Fly Ventures sets its eyes on technical founders with a fresh €80M fund



Fly Ventures, the Berlin-based VC that invests in seed-stage European startups within enterprise and deep tech, has launched its third fund at €80 million. The firm raised its last €53 million fund in 2020.

Aiming at technical founders, the firm claims Fund III was oversubscribed and raised in a single closing. Meanwhile, the small increase in fund size reflects the firm’s desire to operate as a boutique firm.

Matuschka told TechCrunch: “We like doing things that at the time, other people think, what the…  material science and AI?! These days, more people do it, but our game plan is to do these kinds of investments two or three years before anybody else cares.”

Founded by Gabriel Matuschka and Fredrik Bergenlid, Fly Ventures invests €1-4 million in rounds of €2-10 million at the inception stage. 

With Matt Wichrowski, Marie Brayer, Bergenlid, and Matuschka, the firm operates in an equal-GP model of four partners each distributed across Berlin, London, Paris, and Zurich.

“I think the Berlin/London thing specifically is also plus Munich, because from Berlin you can cover Munich. And for the more technical stuff, Munich tends to be a bit stronger. But it was always clear you had to do Germany and the UK. Then I guess over the last four years or so, Paris, on the more technical side, also really accelerated, which is the reason why we also added Marie, who is based in Paris,” said Matuschka.

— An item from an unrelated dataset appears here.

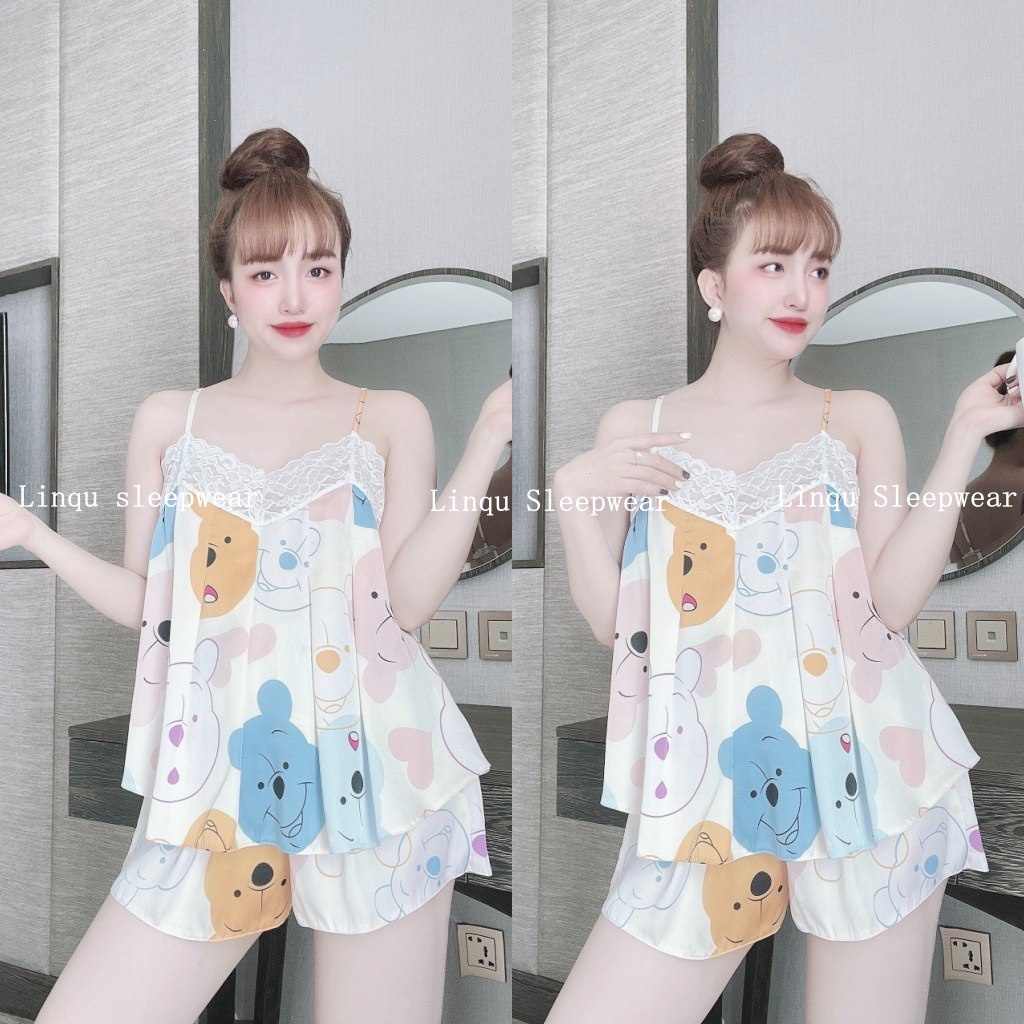 - Mô tả: Áo 2 dây phối ren, có tăng đơ. Kèm họa tiết dễ thương. Quần đùi mềm mát mặc ngủ thoải mái.

Bergenlid previously worked at Google on Google Assistant, and Matuschka previously founded travel shopping club TripHunter (acquired by brands4friends, now owned by eBay).

AI has so far accounted for about 45% of Fly’s investments, with vertical applications and industrial tech taking up 35%, and dev tools/infrastructure taking up 20%.

In its portfolio exists clinical trials marketplace Inato, anti-money-laundering startup Salv, and cybersecurity startup GitGuardian.

Another, Wayve, recently raised $1.05B in a Series C round led by SoftBank to progress autonomous driving with self-learning technology. 

It’s also invested in Lakera, a Zurich-based startup that aims to protect enterprises from LLM vulnerabilities, and Orbital Materials, a UK-based company developing foundation models for materials science.